- Artikel-Nr.: NN127
Heidnische Klänge aus den Tiefen der finnischen Wälder! Pauanne entdecken die lange verschüttete nicht-christliche Tradition in der finnischen Folkmusik wieder. Das Trio um Kukka Lehto hat in Helsinki tief in den Musikarchiven gestöbert und ist dort auf interessantes Material aus dem frühen 20. Jahrhundert gestoßen. Und hat einen reichen Schatz an Anregungen gehoben! Deftige Flüche finden sich in ihrem musikalischen Repertoire ebenso wie lange vergessene Hirtenlieder. Aus Sicht der Amtskirche ist diese Volksmusiktradition durchaus sündhaft: Denn hier findet sich auch aufmüpfiges Liedgut, das sich über die langweilige Sonntagspredigt des Pastors lustig macht. Das selbst betitelte Debütalbum von Pauanne überrascht mit respektlosen, rauen Weisen, die mit nostalgisch-gemütlicher Volksmusik so gar nichts zu tun haben.
Für Komposition und Arrangements zeichnen die Violinistin und Keyboarderin Kukka Lehto und der Keyboarder Tero Pennanen verantwortlich. Die erfahrenen Musiker überraschen hier mit vereinzelten Progressive-Rock-Einlagen wie im feinen Track „Susiraja“. Die Drums und perkussiven Elemente vom Janne Haavisto bilden hier den rythmischen Rahmen.
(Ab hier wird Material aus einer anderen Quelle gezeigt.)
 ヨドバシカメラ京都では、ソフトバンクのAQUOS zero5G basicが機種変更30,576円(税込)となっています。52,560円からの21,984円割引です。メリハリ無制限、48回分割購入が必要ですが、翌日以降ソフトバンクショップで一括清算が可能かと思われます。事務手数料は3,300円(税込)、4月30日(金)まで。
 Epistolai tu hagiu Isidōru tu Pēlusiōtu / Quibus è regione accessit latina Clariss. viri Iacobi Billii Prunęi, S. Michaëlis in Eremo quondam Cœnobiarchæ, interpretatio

Das historische musikalische Archivmaterial, das hier verwendet wird, wurde von Kukka Lehto und Tero Pennanen zusammengetragen.
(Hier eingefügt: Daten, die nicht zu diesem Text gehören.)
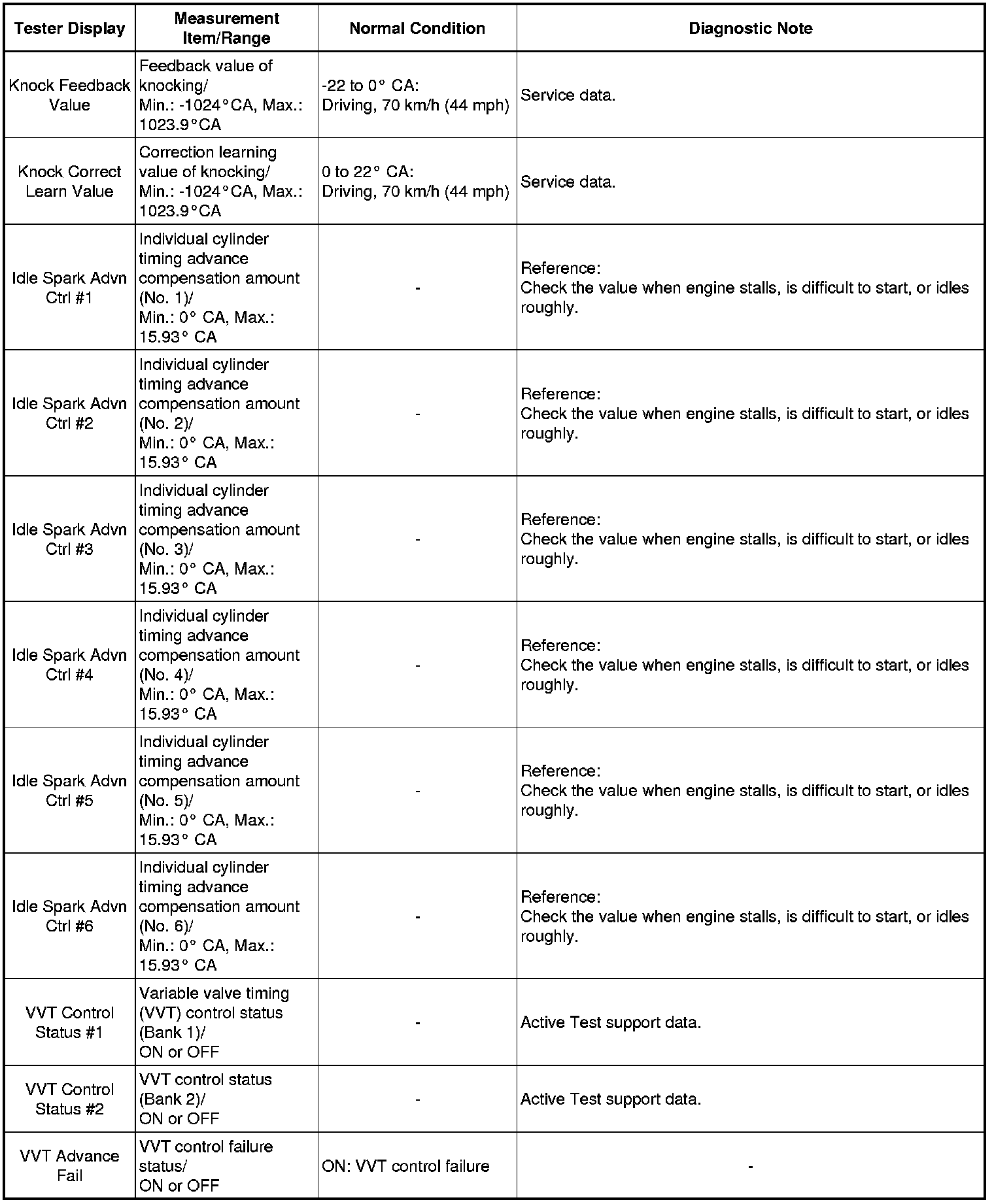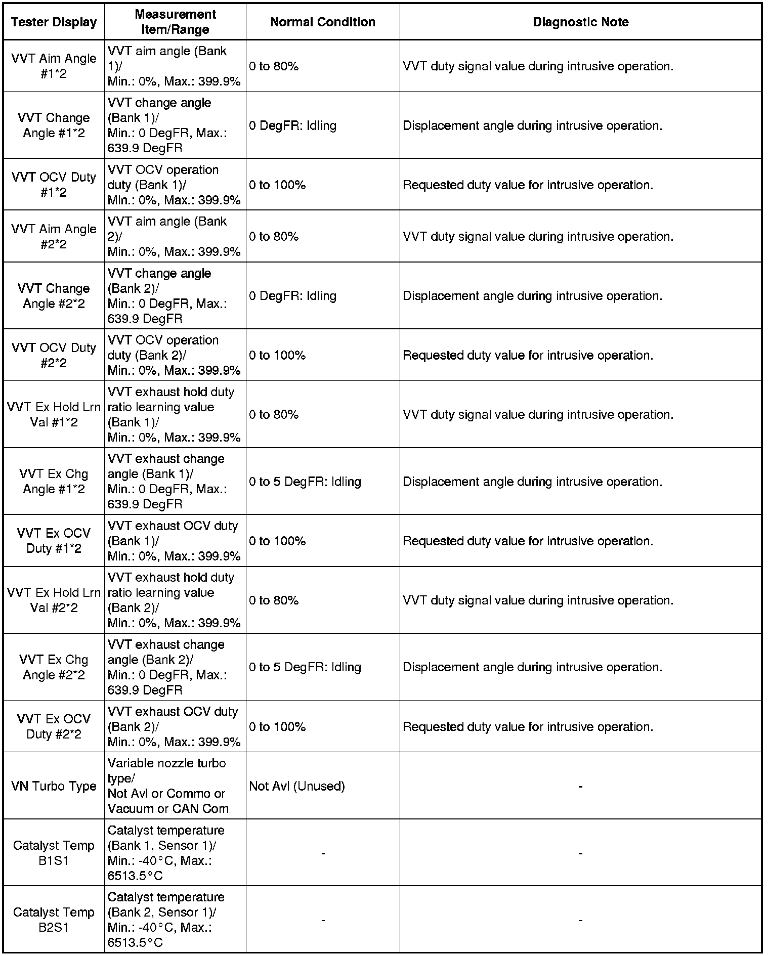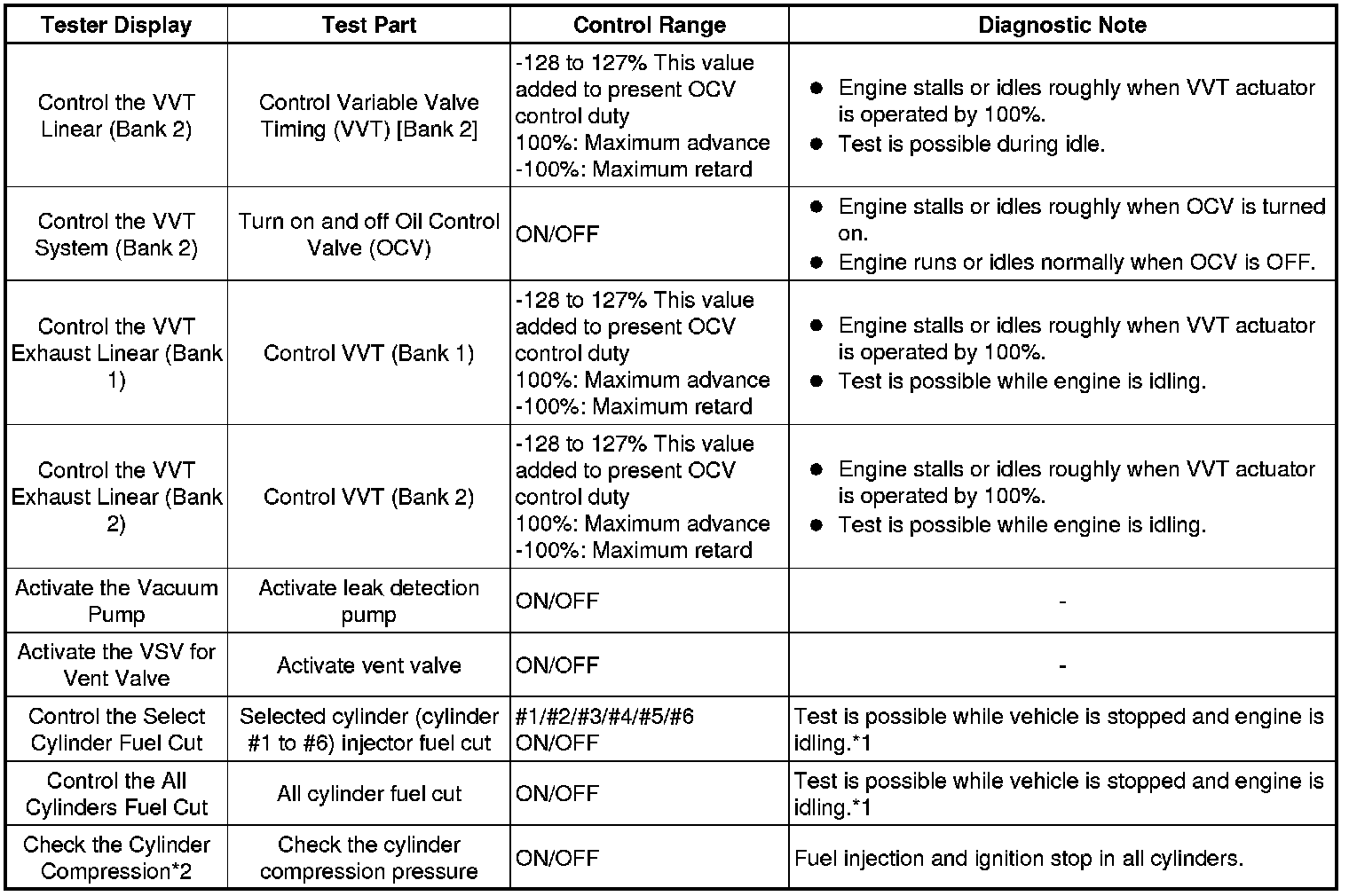 * *2: Data List values are only displayed when performing the following Active Tests: Control the VVT Linear (Bank 1), Control the VVT Linear (Bank 2), Control the VVT Exhaust Linear (Bank 1) and Control the VVT Exhaust Linear (Bank 2). For other Active Tests, the Data List value will be 0.

Pauanne leben keineswegs in der Vergangenheit: Die sanfteren Klänge von Songs wie „Rauta“ erinnern an die Lounge-Musik des Gotan Projektes. In Tracks wie „Siihen Laihin Eläny“ denkt man bisweilen an Martyn Bennett, den kanadisch-schottischen Musiker, der traditionelle keltische Musik in die Neuzeit brachte. Im begleitenden Video geht es um nichts Geringeres als um einen finnischen Hexenprozess aus dem 17. Jahrhundert. Das Vergehen, das die Obrigkeit einer gewissen Helka Niilontytär vorwirft: Heidnische Rituale im Wald vollzogen zu haben. Wer sich ein wenig gruseln möchte, ist bei dem Video genau richtig! Und Feministen und solche, die es noch werden wollen, ebenso!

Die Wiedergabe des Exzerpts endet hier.